## [Records drawn from a dataset]

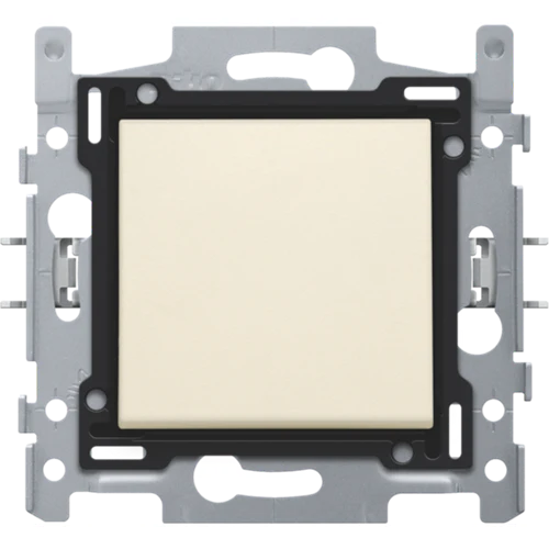 Set de finition pour interrupteur ou bouton-poussoir simple, cream. L’enjoliveur est entouré d’un bord plat muni aux 4 angles d’une ouverture rectangulaire dans laquelle se trouve un crochet de sécurité multiposition. La partie saillante de l’enjoliveur fait en sorte qu’en cas de plâtrage peu soigneux, la plaque de recouvrement puisse toujours être fixée bien à plat contre le mur grâce aux crochets de sécurité. Ce système fonctionne dans deux sens : si le boîtier d’encastrement dépasse du plâtrage, les crochets de sécurité multiposition compensent un jeu de 1 à 1,2 mm ; si le boîtier d’encastrement est enfoncé trop profondément dans le plâtrage, les crochets de sécurité peuvent compenser un jeu de 1,8 mm max. Le bord plat qui entoure l’enjoliveur comprend également 4 ouvertures rondes qui assurent le positionnement correct de la plaque de recouvrement par rapport à l’enjoliveur. Après le montage de l’ensemble (plaque de recouvrement, set de finition et mécanisme), aucune partie métallique n’est visible grâce au bord plat sur l’enjoliveur.
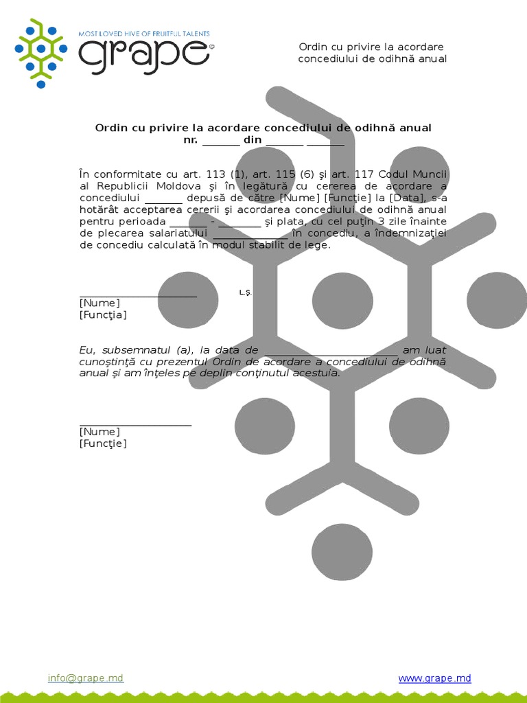 Ordin Cu Privire La Acordare Concediului De Odihna Anual
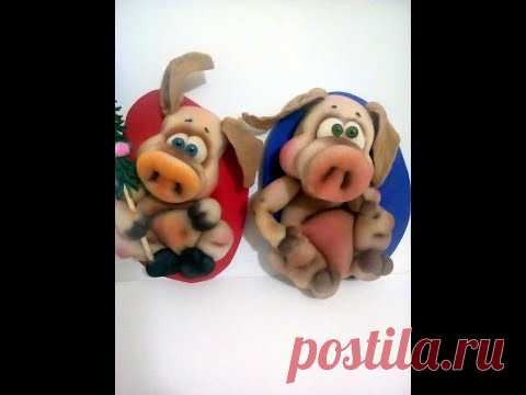 На изображении представлены две фигурки собак, выполненные из полимерной глины или подобного материала. Одна собака носит красную шапку, другая - синюю. Обе фигурки декорированы и могут быть использованы как украшение или игрушка.
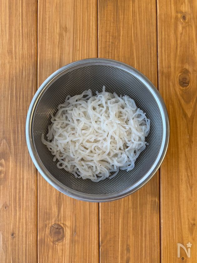 1L程度の湯(分量外)を沸かし、塩3つまみ程度(分量外)としらたきを加えて3分茹でる。
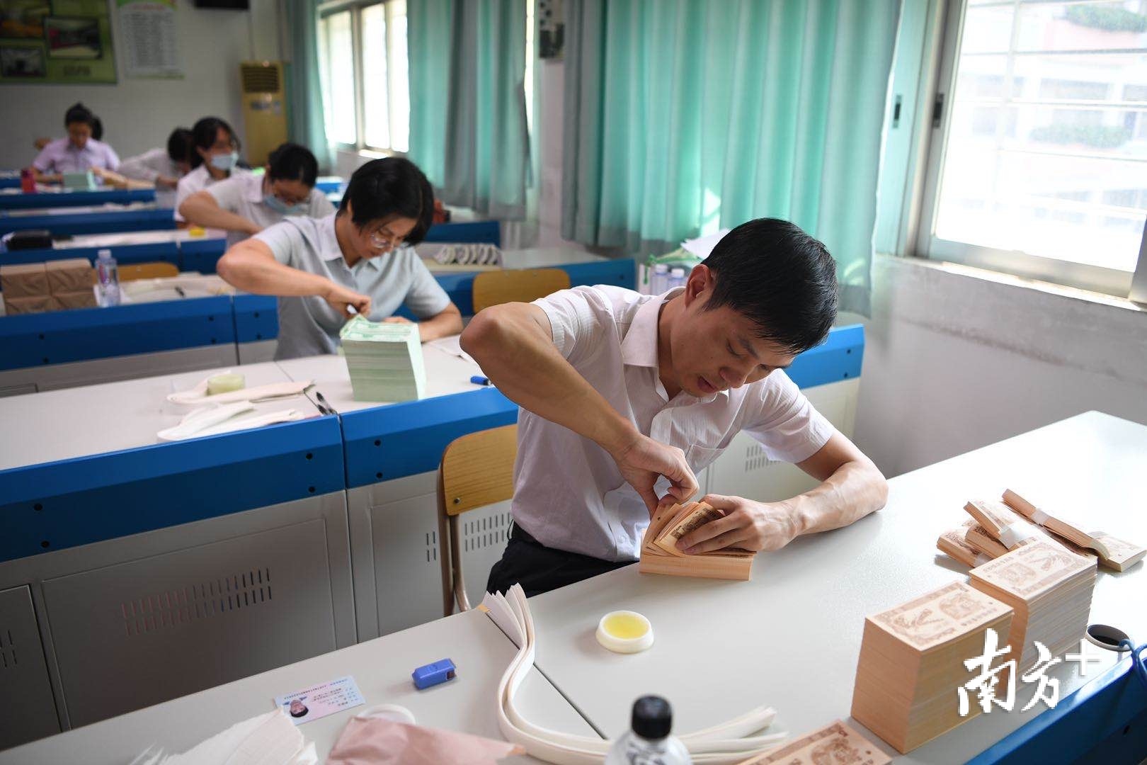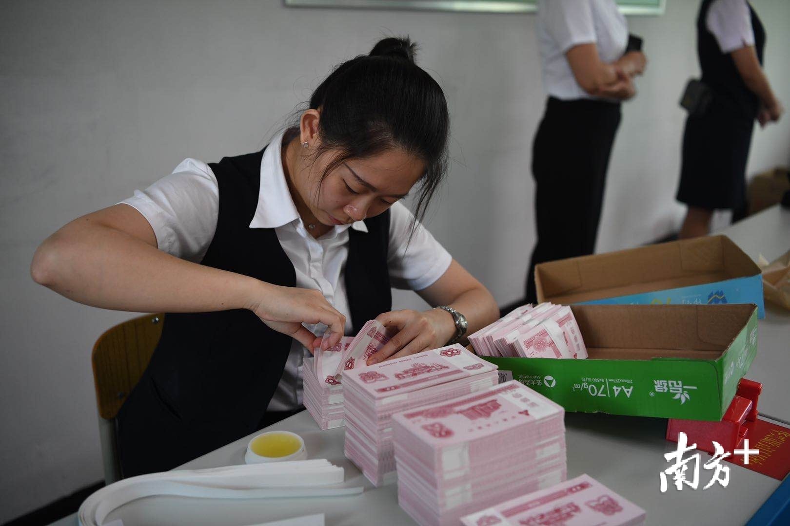 点钞比赛,现场传来哗啦啦的数“钱”声。

## [TASK GOAL]
Every record gets retyped exactly; no picture goes into the copy.

## [SOLVED EXERCISE]
 Set de finition pour interrupteur ou bouton-poussoir simple, cream. L’enjoliveur est entouré d’un bord plat muni aux 4 angles d’une ouverture rectangulaire dans laquelle se trouve un crochet de sécurité multiposition. La partie saillante de l’enjoliveur fait en sorte qu’en cas de plâtrage peu soigneux, la plaque de recouvrement puisse toujours être fixée bien à plat contre le mur grâce aux crochets de sécurité. Ce système fonctionne dans deux sens : si le boîtier d’encastrement dépasse du plâtrage, les crochets de sécurité multiposition compensent un jeu de 1 à 1,2 mm ; si le boîtier d’encastrement est enfoncé trop profondément dans le plâtrage, les crochets de sécurité peuvent compenser un jeu de 1,8 mm max. Le bord plat qui entoure l’enjoliveur comprend également 4 ouvertures rondes qui assurent le positionnement correct de la plaque de recouvrement par rapport à l’enjoliveur. Après le montage de l’ensemble (plaque de recouvrement, set de finition et mécanisme), aucune partie métallique n’est visible grâce au bord plat sur l’enjoliveur.
 Ordin Cu Privire La Acordare Concediului De Odihna Anual
 На изображении представлены две фигурки собак, выполненные из полимерной глины или подобного материала. Одна собака носит красную шапку, другая - синюю. Обе фигурки декорированы и могут быть использованы как украшение или игрушка.
 1L程度の湯(分量外)を沸かし、塩3つまみ程度(分量外)としらたきを加えて3分茹でる。
 点钞比赛,现场传来哗啦啦的数“钱”声。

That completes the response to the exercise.